Uniform Distribution Probability Calculator

Calculator

Choose a calculation mode, enter the support values, and submit to see the result above this form.

Lower bound (a)

Start of the support interval.

Upper bound (b)

End of the support interval.

Calculation type

Pick the probability task you need.

x value

Used for density and cumulative probability.

Interval value 1

First interval edge.

Interval value 2

Second interval edge.

Probability p

Use a value between 0 and 1.

Decimal precision

Controls table and result rounding.

Example data table

This sample uses X ~ U(2, 10). Inside the support, the density stays constant at 0.125.

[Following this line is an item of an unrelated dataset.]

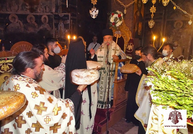 Το απόγευμα της παραμονής τελέστηκε ο μέγας πανηγυρικός αρχιερατικός εσπερινός μετ’ αρτοκλασίας, χοροστατούντος του σεβασμιωτάτου Μητροπολίτη κ. Ευσταθίου και τη συμμετοχή του Καθηγούμενου της ΙΜ Αγίων Τεσσαράκοντα Μαρτύρων, πανοσ. αρχ. Εφραίμ Μιλτιάδου κι αρκετών κληρικών από όμορες περιοχές.

x	PDF f(x)	CDF F(x)	Inside support?
2	0.125	0	Yes
4	0.125	0.25	Yes
6	0.125	0.5	Yes
8	0.125	0.75	Yes
10	0.125	1	Yes
12	0	1	No

Formula used

Uniform model:
X ~ U(a, b), where a < b

Probability density function:
f(x) = 1 / (b - a), for a ≤ x ≤ b
f(x) = 0, otherwise

Cumulative distribution function:
F(x) = 0, for x < a
F(x) = (x - a) / (b - a), for a ≤ x ≤ b
F(x) = 1, for x > b

Interval probability:
P(x₁ ≤ X ≤ x₂) = max(0, min(x₂, b) - max(x₁, a)) / (b - a)

Outside probability:
P(X < x₁ or X > x₂) = 1 - P(x₁ ≤ X ≤ x₂)

Quantile:
Q(p) = a + p(b - a), where 0 ≤ p ≤ 1

Summary metrics:
Mean = (a + b) / 2
Variance = (b - a)² / 12
Standard deviation = √Variance

How to use this calculator

Enter the lower bound a and upper bound b for the uniform support.
Select the required task: density, cumulative, interval, outside, or quantile.
Fill only the fields used by that mode. Use x for point values, x1 and x2 for intervals, or p for quantiles.
Choose the decimal precision to control displayed rounding.
Press Submit to show the result above the form, review the tables, and inspect the Plotly graph.
Use the CSV and PDF buttons to export the result summary and documentation.

FAQs

1) What does a uniform distribution mean?

It means every value inside the interval is equally likely over equal-length segments. The density stays constant between a and b.

2) Can the lower bound equal the upper bound?

No. A valid continuous uniform model needs b greater than a, otherwise the interval has zero width and the density is undefined.

3) Why is P(X = x) equal to zero?

Continuous models assign probability to areas over intervals, not single points. One exact value has no width, so its probability is zero.

4) When does interval probability become zero?

It becomes zero when the chosen interval does not overlap the support at all, or when the interval length inside support is zero.

5) What does the quantile result show?

It returns the x-value reached by a chosen cumulative probability p. For example, p = 0.75 gives the seventy-fifth percentile.

6) Why are PDF and CDF different?

The PDF shows density height, while the CDF shows accumulated probability from the left boundary up to x. They answer different questions.

7) Can the support include negative numbers?

Yes. Any real interval works as long as the upper bound remains greater than the lower bound.

8) Is this calculator for continuous or discrete data?

This page is for the continuous uniform distribution. It is not intended for discrete equally likely outcomes such as fair die rolls.